Aim of the task →
Go through the data line by line from the top, retyping each exactly, and end with the line that contains "木纹背景中的新鲜蓝莓盛在木勺子里".

::: Supplied information

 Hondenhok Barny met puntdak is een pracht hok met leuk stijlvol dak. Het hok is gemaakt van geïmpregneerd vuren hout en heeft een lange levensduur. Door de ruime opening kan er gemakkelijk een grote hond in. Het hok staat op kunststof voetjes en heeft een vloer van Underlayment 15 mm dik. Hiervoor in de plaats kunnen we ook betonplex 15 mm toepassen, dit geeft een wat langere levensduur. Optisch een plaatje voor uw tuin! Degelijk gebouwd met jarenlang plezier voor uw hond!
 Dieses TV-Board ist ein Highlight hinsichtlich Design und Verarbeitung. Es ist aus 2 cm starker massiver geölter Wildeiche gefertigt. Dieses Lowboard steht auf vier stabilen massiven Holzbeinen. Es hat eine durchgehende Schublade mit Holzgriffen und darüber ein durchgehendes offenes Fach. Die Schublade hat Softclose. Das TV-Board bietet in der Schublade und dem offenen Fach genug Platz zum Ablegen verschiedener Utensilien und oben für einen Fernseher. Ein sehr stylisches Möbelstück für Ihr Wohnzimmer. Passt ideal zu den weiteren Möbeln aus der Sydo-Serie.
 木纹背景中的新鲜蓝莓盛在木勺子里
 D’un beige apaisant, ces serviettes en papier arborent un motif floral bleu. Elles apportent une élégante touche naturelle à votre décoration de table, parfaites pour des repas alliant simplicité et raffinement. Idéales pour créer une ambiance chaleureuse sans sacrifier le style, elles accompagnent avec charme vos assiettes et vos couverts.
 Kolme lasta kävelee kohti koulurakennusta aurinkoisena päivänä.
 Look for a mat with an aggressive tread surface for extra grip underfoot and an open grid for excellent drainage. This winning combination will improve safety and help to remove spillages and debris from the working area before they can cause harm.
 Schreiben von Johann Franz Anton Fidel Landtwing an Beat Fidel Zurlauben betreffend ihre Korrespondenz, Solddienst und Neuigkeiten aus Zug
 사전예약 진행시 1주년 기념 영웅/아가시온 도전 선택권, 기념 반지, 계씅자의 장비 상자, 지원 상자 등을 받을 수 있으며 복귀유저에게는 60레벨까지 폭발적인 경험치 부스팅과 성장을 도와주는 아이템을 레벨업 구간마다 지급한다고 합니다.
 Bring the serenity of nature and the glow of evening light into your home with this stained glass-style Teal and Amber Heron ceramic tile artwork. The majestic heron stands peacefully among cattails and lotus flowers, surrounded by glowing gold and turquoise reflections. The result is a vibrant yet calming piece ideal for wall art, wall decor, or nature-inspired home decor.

::::::

Written solution →
 Hondenhok Barny met puntdak is een pracht hok met leuk stijlvol dak. Het hok is gemaakt van geïmpregneerd vuren hout en heeft een lange levensduur. Door de ruime opening kan er gemakkelijk een grote hond in. Het hok staat op kunststof voetjes en heeft een vloer van Underlayment 15 mm dik. Hiervoor in de plaats kunnen we ook betonplex 15 mm toepassen, dit geeft een wat langere levensduur. Optisch een plaatje voor uw tuin! Degelijk gebouwd met jarenlang plezier voor uw hond!
 Dieses TV-Board ist ein Highlight hinsichtlich Design und Verarbeitung. Es ist aus 2 cm starker massiver geölter Wildeiche gefertigt. Dieses Lowboard steht auf vier stabilen massiven Holzbeinen. Es hat eine durchgehende Schublade mit Holzgriffen und darüber ein durchgehendes offenes Fach. Die Schublade hat Softclose. Das TV-Board bietet in der Schublade und dem offenen Fach genug Platz zum Ablegen verschiedener Utensilien und oben für einen Fernseher. Ein sehr stylisches Möbelstück für Ihr Wohnzimmer. Passt ideal zu den weiteren Möbeln aus der Sydo-Serie.
 木纹背景中的新鲜蓝莓盛在木勺子里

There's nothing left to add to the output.